From the Collection:
Websites:

Teaching Plan

  1. Divide the class into heterogeneous groups of 3-5 students each.
  2. Each group will be asked to view 1-2 primary sources having to do with a specific chapter of United States Voting history (Woman’s Voting Rights, African American Voting Rights, American Indian Voting Rights, Chinese American Voting Rights, …). Depending on class size two different groups may be assigned the same primary source documents. For primary source images and documents from the American Centuries collection having to do with Women’s Suffrage, see Materials & Resources section above. Use the second web link “15th Amendment to the Constitution” to find primary source materials having to do with African American suffrage; specifically, teachers may want students to look at the actual 15th Amendment and the political cartoon entitled “The First Vote”. The first web link has many resources to help students learn about Native American Suffrage and Chinese American Suffrage, among others. For resources relating to Chinese American Suffrage, students can also use the third website; a  primary source document that students might find useful is Mark Twain’s “Observations on Chinese Immigrants in California” (4th website).

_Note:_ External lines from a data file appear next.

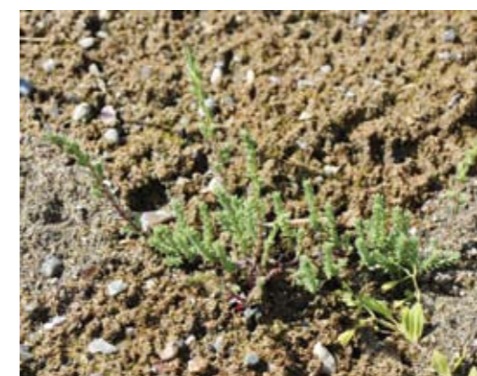
▲ Junge Keimlinge der Deutschen Tamariske am Fritzbach, G.N.
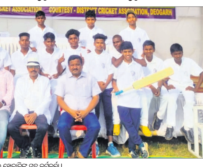
ଆନ୍ଧ୍ର ଜିଲା ସ୍କୁଲ କ୍ରିକେଟ ଚୁନାମେଣ୍ଟରେ ଖେଳାଳିଙ୍କ ସହ କର୍ମକର୍ମୀ।
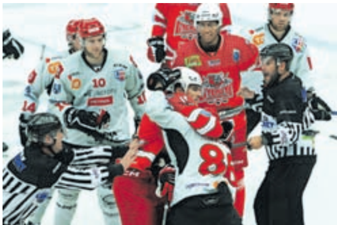
Za prijateljsko tekmo je bilo v obeh ekipah čutiti kar nekaj noveze in tudi boksarskih vložkov ni manjkalo.

Jeseničane čaka dolga sezona. Nastopili bodo v državnem prvenstvu, Celinskem pokalu in v Alpski ligi.
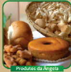
Produtos da Ângela
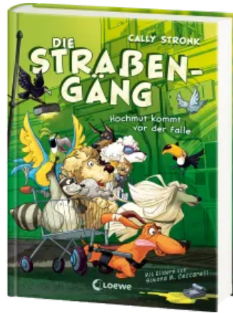
Die Straßengäng (Band 3) - Hochmut kommt vor der Falle Hardcover
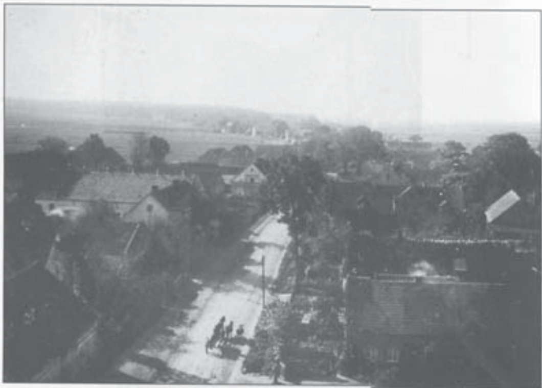
Westlicher Dorfteil (1931)
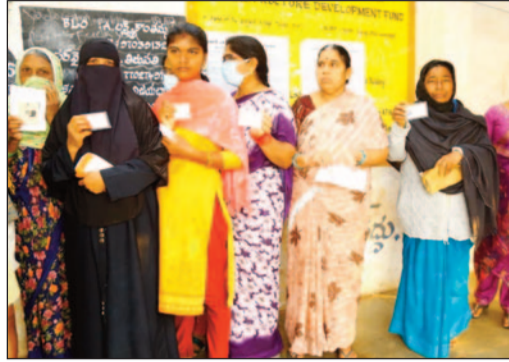
గంటల వరకు కొనసాగింది. అక్కడక్కడా స్వల్ప ఉద్రిక్తతలు మినహా రాష్ట్రవ్యాప్తంగా ఓటర్లు ఉత్సాహంగా

పూర్వం. రాష్ట్రవ్యాప్తంగా అక్కడక్కడా చెదురుచెదురు ఫుటనలు మినహా పోలింగ్ ప్రశాంతంగా ముగిసింది. ఈ నెల 13న ఓట్లు లెక్కింపు ఉంటుంది, 16న కార్పొరేషన్ల మేయర్, డిప్యూటీ మేయర్, మున్సిపాలిటీల చైర్మన్, వైస్ చైర్మన్ ఎన్నిక ఉంటుంది అధికారులు తెలిపారు. తుది ఓటింగ్ శాతం రాత్రికి వెళ్లిడి కానుంది. ఎన్నికల బరిలో ఉన్నవారి అభ్యుత్సాహం ఈనెల 13న తేలబోతుంది. ఈ నెల 13న ఉదయం 8 గంటలకు 136 కేంద్రాల్లో ఓట్ల లెక్కింపు చేపట్టనున్నారు. 16న కార్పొరేషన్ల మేయర్, డిప్యూటీ మేయర్, మున్సిపల్ చైర్మన్, వైస్ చైర్మన్ ఎన్నిక ఉంటుంది. ఉదయం 7 గంటలకే ప్రారంభమైన ఓటింగ్ పక్రియ, సాయంత్రం 5
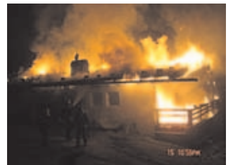
Brand Steinerberg 15.04.09
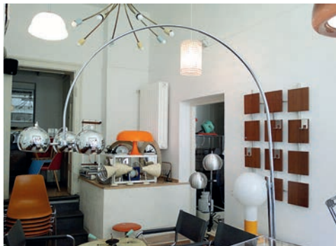
Charme der Siebziger: PAPPILLON

Retro – das Wort fungiert beinahe als Qualitätssiegel, so angesagt sind nach wie vor Retrofashion und – Design. Während die Mainstreammarken sich eifrig an dem Style vergangener Jahrzehnte anlehnen und damit die breite Masse bedienen, kaufen echte Fans nicht nachgemachte Neuware, sondern original Vintage. Das Einkaufserlebnis in Münchens Vintage-Läden ähnelt einer Schatzsuche – Zeitreise feeling inklusive. Ausprobieren lohnt sich.
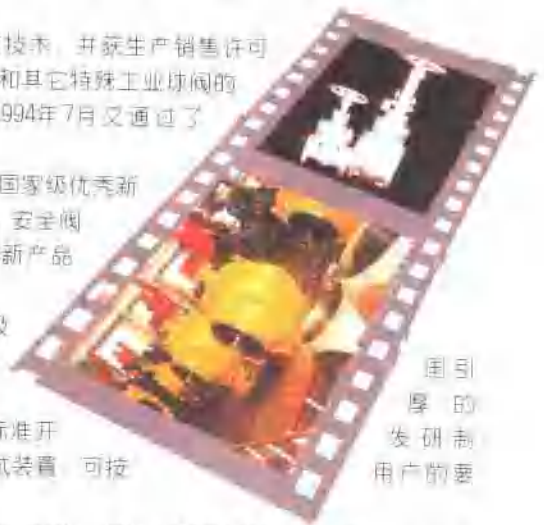
围引 厚的 发研制 用户的要
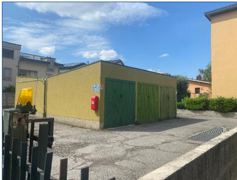
Foto 43 - Box
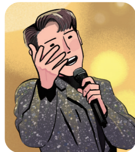
정형화된 리듬으로 구성된 음악 트로트

대중음악(Popular Music)은 많은 사람이 즐기고 대중 매체로 전파되는 음악을 말한다.
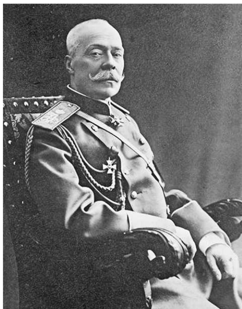
Принц А.П. Ольденбургский

В дальнем углу этого салона стоял, прислонившись к стенке, скрестив на груди руки, довольно высокого роста, крупного телосложения человек, одетый в генерал-адъютантскую, цвета хаки, однобортную тужурку с георгиевским крестом в петличке. Все мы тотчас же догадались, что стоим перед самым принцем. При виде нас он отрывисто бросил:
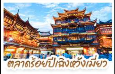
ตลาดร้อยปีเจียงเซี่ยงไฮ้
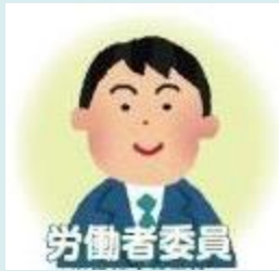
労働者委員 (労働組合役員等)
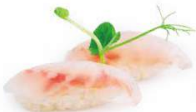
96 | NIGIRI SUZUKI branzino €3.00 Ⓢ
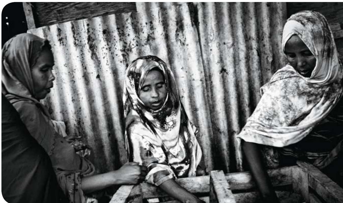
© STARVEDFORATTENTION - DJIBOUTI - BLEASDALE - 022-2919

▣ «Η τροφή που δεν θα δίναμε ποτέ στα παιδιά μας στέλνεται ως επισιτιστική βοήθεια στα πιο ευάλωτα παιδιά σε χώρες της υπο-σαχάριας Αφρικής και της Ασίας που απειλούνται από υποσιτισμό. Αυτή η διάκριση πρέπει να σταματήσει», λέει ο Διεθνής Πρόεδρος των ΓΧΣ, Δρ Ούνι Καρουνακάρα. Τα περισσότερα επισιτιστικά προγράμματα στις αναπτυσσόμενες χώρες στηρίζονται σε συστατικά, όπως το σιτάρι, που δεν πληρούν τα διεθνή πρότυπα για την κάλυψη των διατροφικών αναγκών των παιδιών κάτω των 2 ετών.
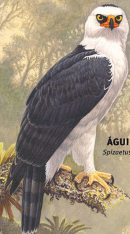
ÁGUILA VIUDA Spizaetus melanoleucus

  3. While viewing their group’s assigned primary sources, each group should discuss and write down their answers to the following focus questions: 1. What are the main ideas of each primary source? 2. From whose perspective do you believe the document is coming from? 3. At this time in history, who has the right to vote? Who does not? 4. Why do you think these issues are coming up at this time? 5. What historical events might have influenced people’s thinking about voting rights at the time your document was written?
  4. Teacher should then provide secondary source information about the key historical events and allow students to modify and augment their answers to Step 3. The “Timeline” (see first website link) would be a useful starting point.
  5. Next ask each student group to prepare a poster to present their findings to the rest of the class. Each poster should include significant dates, a visual image and the main ideas of their assigned readings.
  6. Have each group present their findings in the correct chronological order (i.e. in the order that significant portions of the American population actually gained access to the voting process). Ask students to take notes during each group’s presentation.
  7. After each group has presented their posters, have each student in the class pick a short excerpt from a variety of primary sources out of a hat. These can be the same documents used for Step 3 but also can include new readings having to do with United States Voting Rights. Then ask the class to construct a “human timeline”. Students should be encouraged to work together to try to get all of the quotations/excerpts into chronological order and demonstrate this order by standing in order from oldest to most recent.
  8. Lastly, each student should read their excerpt in order of their human timeline. Make corrections as necessary!